Reputation: 426
DataFile content
1234t56
78t7891
here delimiter is t
and i need output as
3
(the three objects I want counted would be 1234
, 56<newline>78
and 7891
)
it worked with grep i.e. counting occurrence of delimiter and then add one will give no. of lines
but its performance hindrance anything in awk could help
Upvotes: 0
Views: 1077
Reputation: 882088
Assuming t
is your line delimiter as seems to be the case by your phrase "counting occurrence of delimiter and then add one will give no. of lines", one way is to simply delete all characters that aren't the delimiter and count the remaining ones:
pax> ((count = $(echo '1234t5678t7891' | tr -c -d 't' | wc -c)))
pax> ((count++))
pax> echo $count
3
This takes about 24 seconds wall time for a 3.5G file I just happened to have lying around, but only about 6 seconds CPU time:
pax> ll qq2
-rw-r--r-- 1 pax good_lookers 3541710600 Dec 30 16:32 qq2
pax> time ((count = $(tr -c -d 't' <qq2 | wc -c)))
real 0m24.163s
user 0m4.436s
sys 0m2.060s
pax> ((count++)) ; echo $count
10844976
Whether that's fast enough, I couldn't say, since you haven't provided the requirements there.

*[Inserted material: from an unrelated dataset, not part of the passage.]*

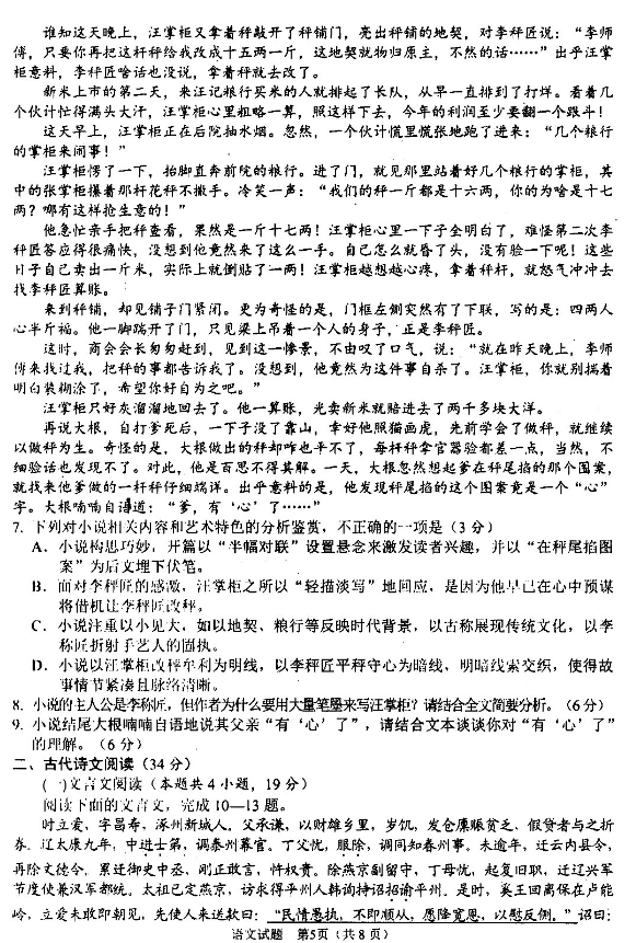 2020年绵阳三诊语文试题及答案(5)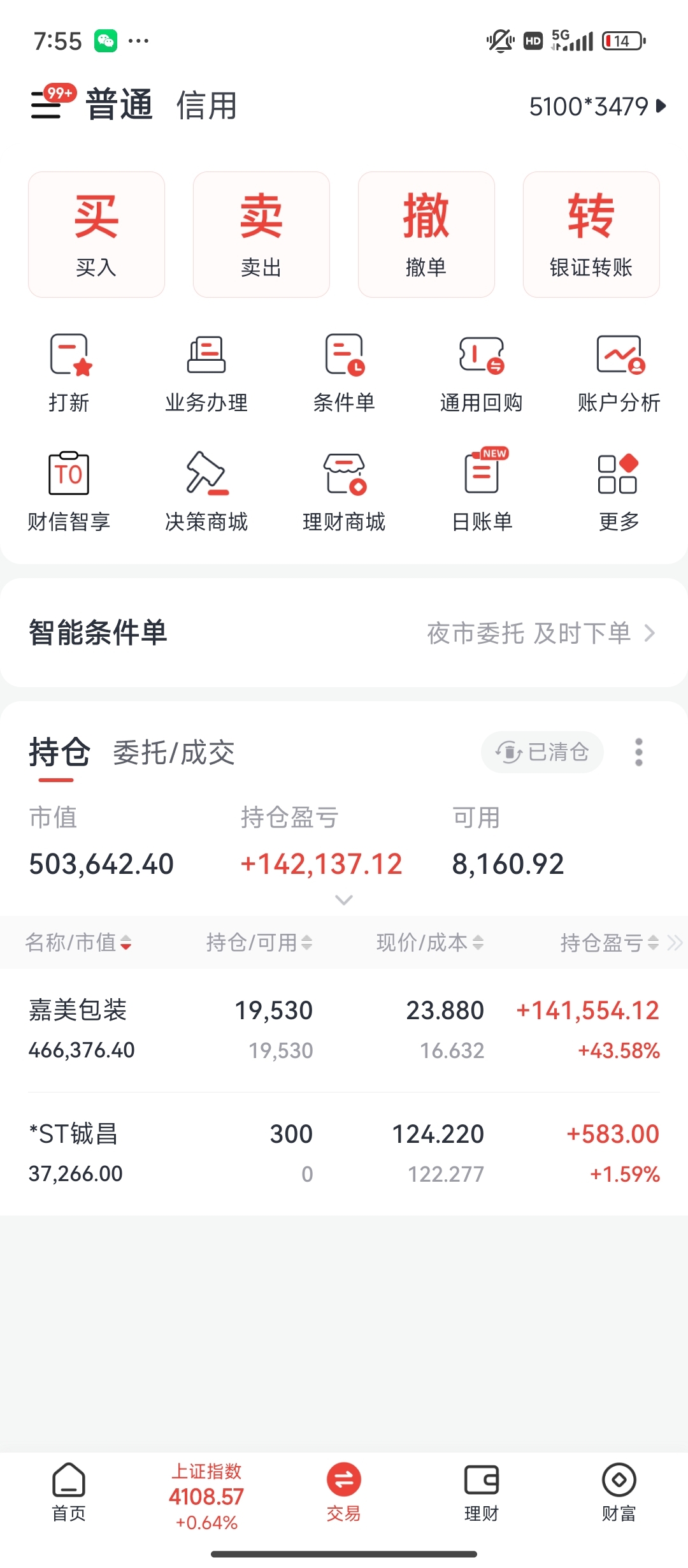 $嘉美包装(SZ002969)$ 谁能让我亏钱让我输,本来成本只有13块多的,前两天加仓成本提高了点

Short of writing a bespoke program utilising things like large buffers, I don't think you'll get much better performance than a pipeline like that.
But, in any case, you should benchmark any potential solution with your own data as well. The primary mantra of optimisation is: measure, don't guess!
Upvotes: 3
Reputation:
Another awk way for your updated question
awk -vRS='t' 'END{print NR}' file
Upvotes: 4
Reputation: 5298
Something like this:
echo "1234t5678t7891" | awk -F't' '{print NF}'
If processing file contents, u can change it to:
awk -F't' '{print NF}' File
Here, we set the delimiter as 't' (-F't')
. Then we print the number of fields (print NF)
For your edited question:
tr -d '\n' < File | awk -F't' '{print NF}'
Upvotes: 3